L’énergie, quant à elle, est un besoin primaire à satisfaire sous peine de troubles politiques et économiques majeurs. N’oublions pas qu’environ 75 % de la population africaine n’a pas accès à l’énergie.
L’accès régulier à l’énergie (eau, électricité, gaz, pétrole, etc.) est indispensable à la stabilité d’un pays. Elle contribue à faire fonctionner les services publics (notamment écoles et hôpitaux) et le tissu économique. Elle est indispensable à la vie des populations. Sans cela, le secteur économique est nécessairement ralenti. Les populations qui en manquent, adoptent différentes stratégies pour se la procurer (marché noir, détournement, migrations), ce qui accroît encore le ralentissement. Et des tensions qui, une fois politisées, peuvent mener à des conflits et qui entraînent une destruction de l’infrastructure, plongeant la région concernée dans un cercle infini…
C’est là une approche traditionnelle des questions énergétiques abordées sous l’angle des conflits (armés ou non) que les individus déclenchent pour s’en emparer. Les ressources énergétiques sont alors des sources d’instabilités, de crises… Mais c’est également une vision limitée comme le montre le cinéaste et journaliste allemand, Carl Fechner dans son film Power to Change. Le réalisateur y montre comment « S’appuyer sur le vent et le soleil pour s’éclairer et se chauffer est un moyen de faire reculer les conflits. » Carl Fechner développe l’espoir d’une utopie moderne : acquérir l’indépendance énergétique grâce aux énergies renouvelables. Troquer un système énergétique fauteur de guerre contre une autonomie de production décentralisée d’éolien et de solaire facteur de paix et de développement. Cela ira dans le sens de la lutte contre le changement climatique.
Il y a bien sûr les énergies renouvelables : solaire et éolien mais il y a aussi l’énergie hydraulique avec des règles techniques particulières. Contrairement à de nombreux pays qui possèdent encore beaucoup de sites aménageables, la majeure partie des possibilités d’équipement des rivières a été utilisée en France.
Les effets d’un aménagement hydroélectrique sur l’environnement se manifestent en amont, dans la retenue et en aval.

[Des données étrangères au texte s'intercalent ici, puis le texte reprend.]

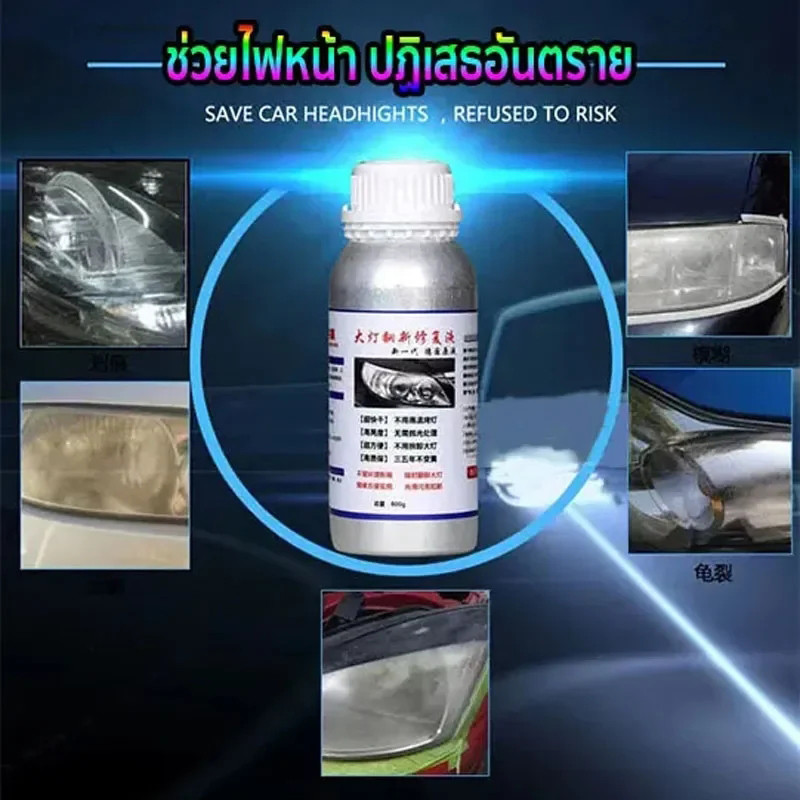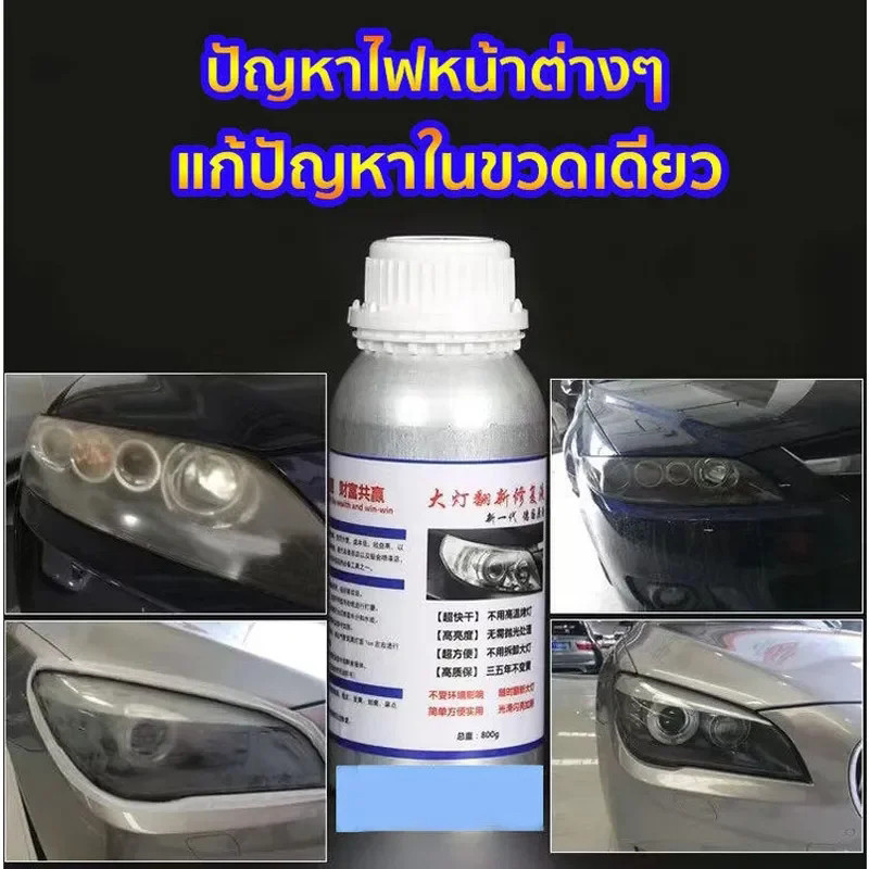 น้ำยาเคลือบไฟหน้า น้ำยาเคลื่อบโคมไฟรถยนต์ ขนาด 800g สูตรเข้มข้น100% น้ำยาขัดไฟหน้ารถ ขัดเคลือบไฟหน้า

Un barrage en effet est un obstacle qui s’oppose au passage des particules transportées par le courant, à la migration des poissons et à la navigation. La retenue a aussi un impact physico-chimique et biologique sur les eaux emmagasinées dont elle fait évoluer la température, la teneur en oxygène, etc… Des dispositions compensatoires appropriées doivent donc être prises en contrepartie.
Mais dans tous les cas, neutraliser le caractère conflictuel de l’eau et de l’énergie pour en faire un facteur de paix et l’outil d’un développement économique responsable et durable est donc primordial.
C’est particulièrement important en Afrique, où les contrastes entre les formidables perspectives de développement économiques et la multiplication des zones de déstabilisation en font un foyer potentiel de crises majeures.
Et au-delà des investissements, nous devons confirmer nos liens, et le maintien de nos bases de Défense le permettra. Il faut en effet contribuer à la stabilisation de ces pays et à leur réel développement économique. Dans le cas contraire, les exodes massifs se poursuivront vers l’Europe en général et vers la France en particulier. C’est donc l’un des domaines les plus importants pour l’avenir à la fois de la France et des nombreux pays concerné.
En 2016, le ministre Jean-Louis Borloo expliquait déjà que : « 75 % des Africains et des Africaines n’ont pas accès à l’énergie. Or l’énergie, c’est le premier des droits fondamentaux puisque c’est l’accès aux autres droits, à l’eau, à l’éducation, à la santé, à l’emploi, à la sécurité, à l’équilibre des territoires. » Et il résumait : « L’énergie en Afrique, c’est la démocratie et la paix. »
Mais au-delà, l’eau et l’énergie, c’est aussi la démocratie et la paix tout autour de la Méditerranée.